Es difícil encarnar en la vida las exigencias del bautismo. Nunca resultó sencillo ser cristiano. Y buena prueba de ello es el catálogo de los mártires, de los que sufrieron violentamente la muerte y de los que también sufrieron violencias, aunque murieran de "muerte natural". Todo eso, ¿por qué...? Porque el bautizado sólo puede ser consecuente con su fe en el mundo, pero en un mundo que se ha agazapado cómodamente en una situación hostil. Sorprendente, pero así es: la misma sociedad que nos empuja alegremente hacia la pila bautismal, resulta ser luego la primera interesada en que no ejerzamos nuestro compromiso bautismal. ¡Cuántos gritos no se darían en todos los periódicos, si un sacerdote osase aconsejar a ciertos padres que no bautizasen a su hijo! Y, sin embargo, ningún grito, ninguna denuncia contra esa sociedad que trata de sofocar todo brote cristiano y que margina inexorablemente a quienes tratan de vivir auténticamente el Evangelio, o la doctrina social de la Iglesia. Cabría preguntarse: ¿qué tiene que ver con el Evangelio el capitalismo, el hedonismo, las grandes fortunas, el paternalismo enervante con que se menosprecia a los trabajadores, el clasismo, la arbitrariedad, y tantas otras cosas que tienen patente de corso en nuestra sociedad? Pero, a pesar de todo, resulta amable situarse de parte del dinero, del poder, del bienestar... sin sentir la más mínima vergüenza de sabernos bautizados, es decir, hijo de Dios. ¿Es posible que nos creamos hijos de Dios? ¿Todos? ¿Así, como vivimos? Lo peor de esta situación es que el hombre trata de dividirse en dos: el ciudadano que coquetea y se casa con todo eso antievangélico, y el seudo-creyente, que pretende recluir su bautismo en el "foro interno". Pero así no es posible ser cristiano. Todo aquel que sistemáticamente -por miedo o comodidad- trata de evadirse del mundo y sus problemas, no sólo no es un cristiano, sino que ni siquiera es un hombre. Quizá sea un extra-terrestre ("Eucaristía 1971").

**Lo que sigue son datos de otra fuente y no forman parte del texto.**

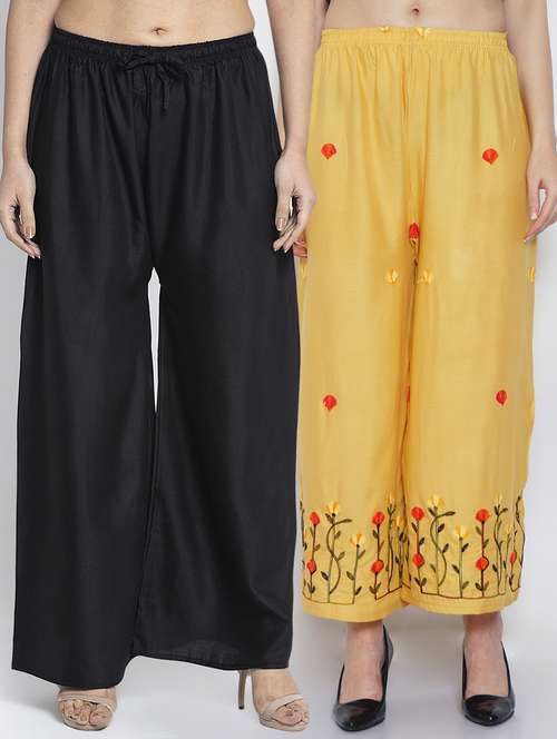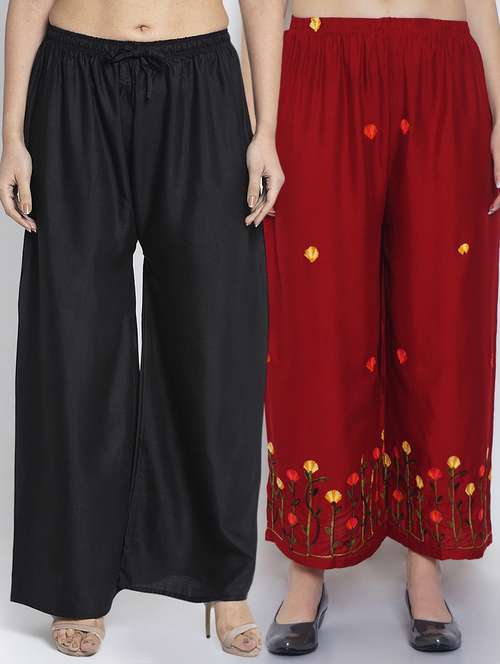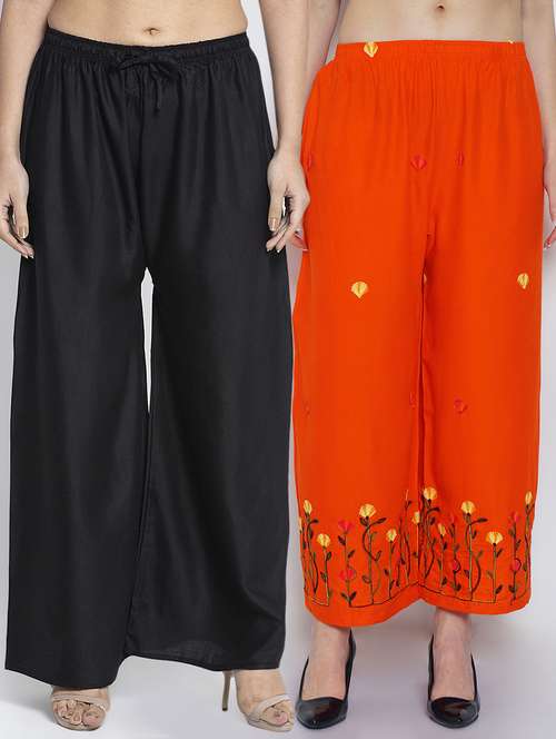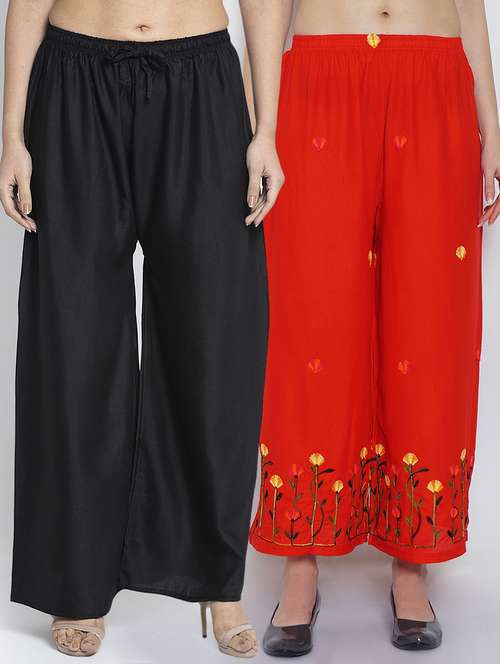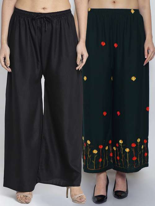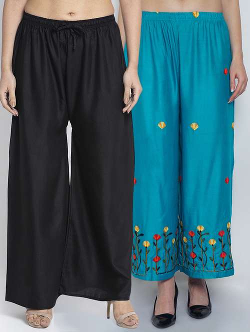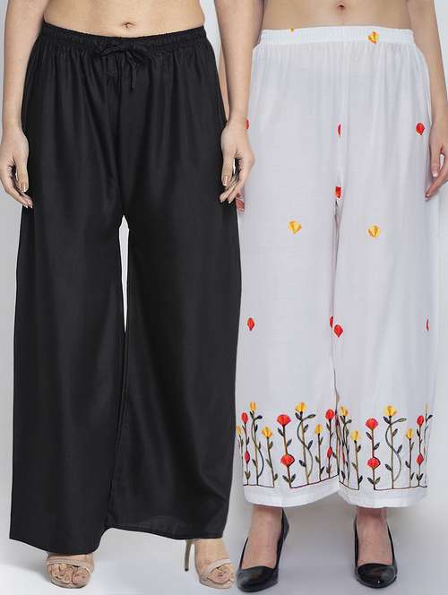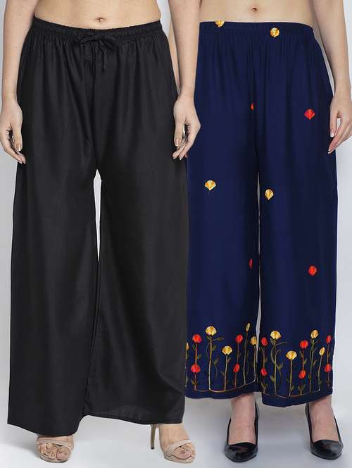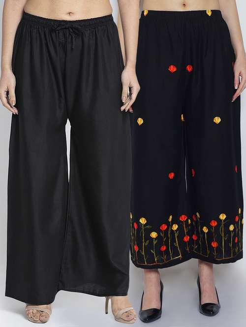 Women Rayon embroidery Print & solid palazzo are a stylish piece of casual clothing. Featuring a mid-rise, soft, elasticated waistband - these palazzo promise a perfect and comfortable fit. Available in many shades, these pair well with indo-western tunics and Kurti.

En los demás evangelistas viene narrado cómo sobre el bautizado se abrieron los cielos, descendió el Espíritu en forma de paloma y se dejó oír la voz invisible del Padre: "Este es mi Hijo muy amado" (Mt 3,17; Mc 1,11; Lc 3,22). Toda la Santísima Trinidad se manifiesta para dar testimonio de la encarnación del Hijo, es decir, de la manifestación de Dios en carne humana. La fe de la Iglesia fluye de esta manifestación divina y del testimonio que la acompaña; la liturgia bebe también su fuerza y esplendor en ella. Pues su fe es el mismo Dios encarnado y la liturgia no hace otra cosa que celebrar al Dios aparecido en carne humana.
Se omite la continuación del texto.